Work required. Within the lines below, the span from the line with "Un coup d'œil" to the line with "7) в ванной", both ends included, is to be reproduced exactly, with pictures omitted.

Data in this exercise.

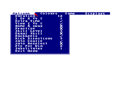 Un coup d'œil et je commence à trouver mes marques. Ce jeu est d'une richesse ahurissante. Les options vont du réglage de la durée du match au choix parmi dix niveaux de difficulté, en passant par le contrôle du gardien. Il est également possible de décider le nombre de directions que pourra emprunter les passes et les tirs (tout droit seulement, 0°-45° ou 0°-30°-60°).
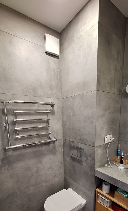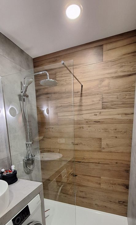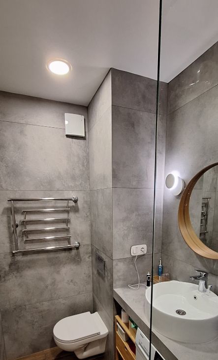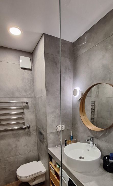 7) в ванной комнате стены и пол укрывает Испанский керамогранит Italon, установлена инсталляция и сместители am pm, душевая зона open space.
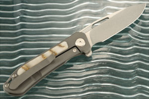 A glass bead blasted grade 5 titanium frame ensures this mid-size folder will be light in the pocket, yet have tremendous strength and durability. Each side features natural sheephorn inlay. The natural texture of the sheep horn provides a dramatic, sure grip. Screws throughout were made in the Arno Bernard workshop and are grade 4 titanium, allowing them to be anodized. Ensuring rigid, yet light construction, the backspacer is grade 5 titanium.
...
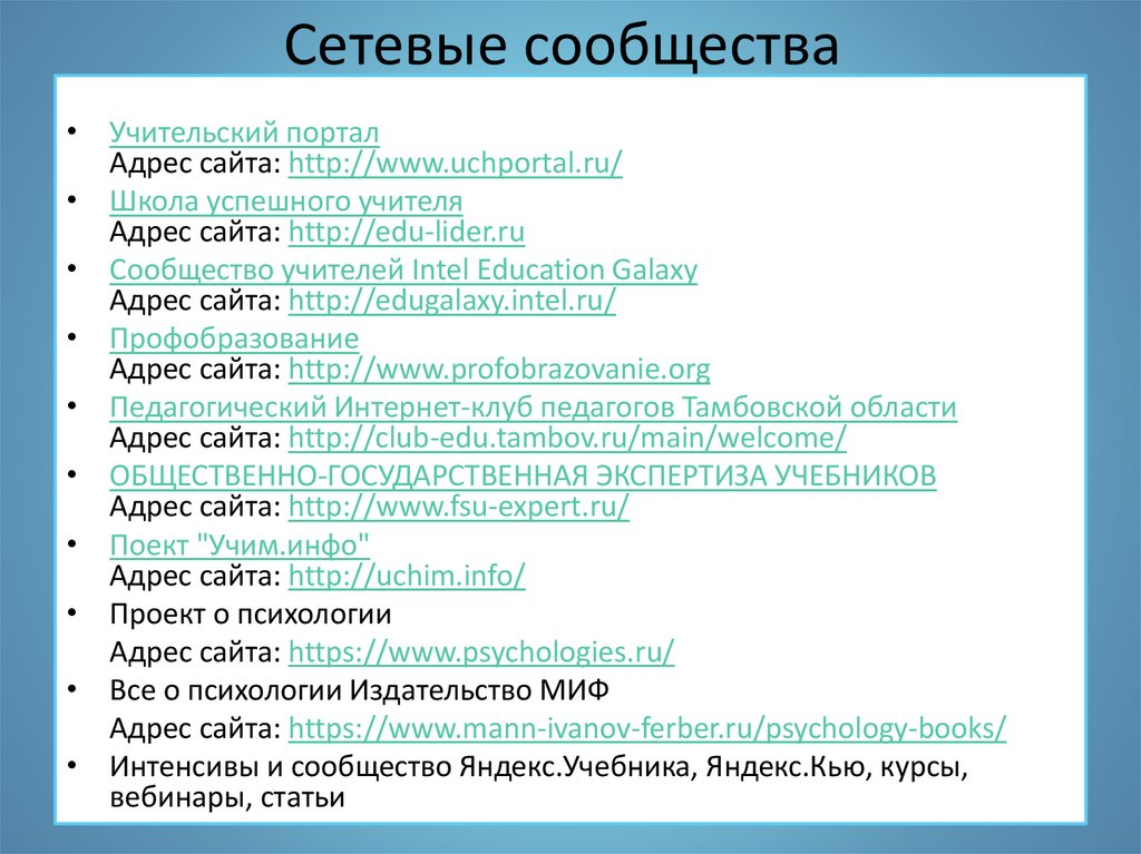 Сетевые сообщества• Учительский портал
* * *
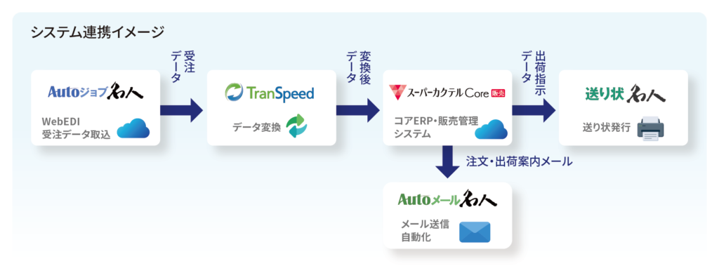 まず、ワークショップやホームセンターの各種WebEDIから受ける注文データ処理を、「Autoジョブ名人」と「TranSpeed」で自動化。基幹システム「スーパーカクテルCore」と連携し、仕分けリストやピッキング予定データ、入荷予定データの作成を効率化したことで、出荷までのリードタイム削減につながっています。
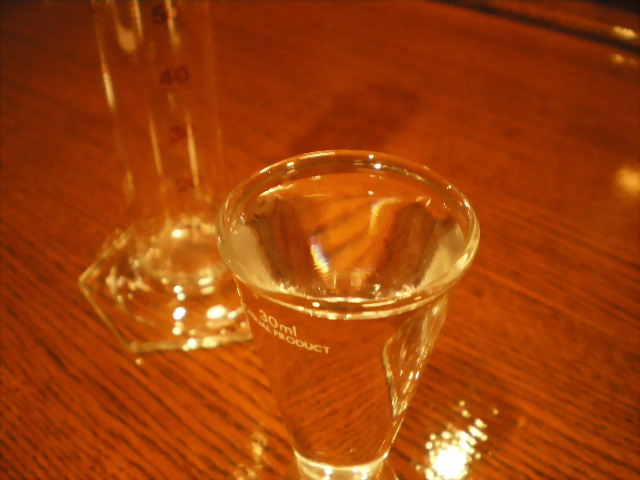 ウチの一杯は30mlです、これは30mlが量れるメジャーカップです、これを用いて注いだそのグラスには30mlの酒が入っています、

Response to the exercise.
 Un coup d'œil et je commence à trouver mes marques. Ce jeu est d'une richesse ahurissante. Les options vont du réglage de la durée du match au choix parmi dix niveaux de difficulté, en passant par le contrôle du gardien. Il est également possible de décider le nombre de directions que pourra emprunter les passes et les tirs (tout droit seulement, 0°-45° ou 0°-30°-60°).
 7) в ванной комнате стены и пол укрывает Испанский керамогранит Italon, установлена инсталляция и сместители am pm, душевая зона open space.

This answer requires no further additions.